A common method for increasing the usability and uplifting the security of pseudorandom function families (PRFs) is to “hash” the inputs into a smaller domain before applying the PRF. This approach, known as “Levin’s trick”, is used to achieve “PRF domain extension” (using a short,e.g,fixed, input length PRF to get a variable-length PRF), and more recently to transform non-adaptive PRFs to adaptive ones. Such reductions, however, are vulnerable to a “birthday attack”: after \(\sqrt{|\mathcal{U}}\) queries to the resulting PRF, where \(\mathcal{U}\) being the hash function range, a collision (i.e., two distinct inputs have the same hash value) happens with high probability. As a consequence, the resulting PRF is insecure against an attacker making this number of queries.

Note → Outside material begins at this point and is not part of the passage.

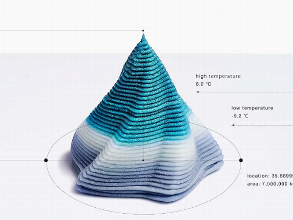 四季の移ろいなどを繊細に表現する和菓子の世界、それをデジタルで表現する。成形は風速・気圧・気温などその日の気象データを元にして、毎日形や色が変わる和菓子として提供される。

In this work we show how to go beyond the birthday attack barrier, by replacing the above simple hashing approach with a variant of cuckoo hashing — a hashing paradigm typically used for resolving hash collisions in a table, by using two hash functions and two tables, and cleverly assigning each element into one of the two tables. We use this approach to obtain: (i) A domain extension method that requires just two calls to the original PRF, can withstand as many queries as the original domain size and has a distinguishing probability that is exponentially small in the non cryptographic work. (ii) A security-preserving reduction from non-adaptive to adaptive PRFs.

Keywords

  • Hash Function
  • Random Function
  • Function Family
  • Pseudorandom Generator
  • Domain Extension

These keywords were added by machine and not by the authors. This process is experimental and the keywords may be updated as the learning algorithm improves.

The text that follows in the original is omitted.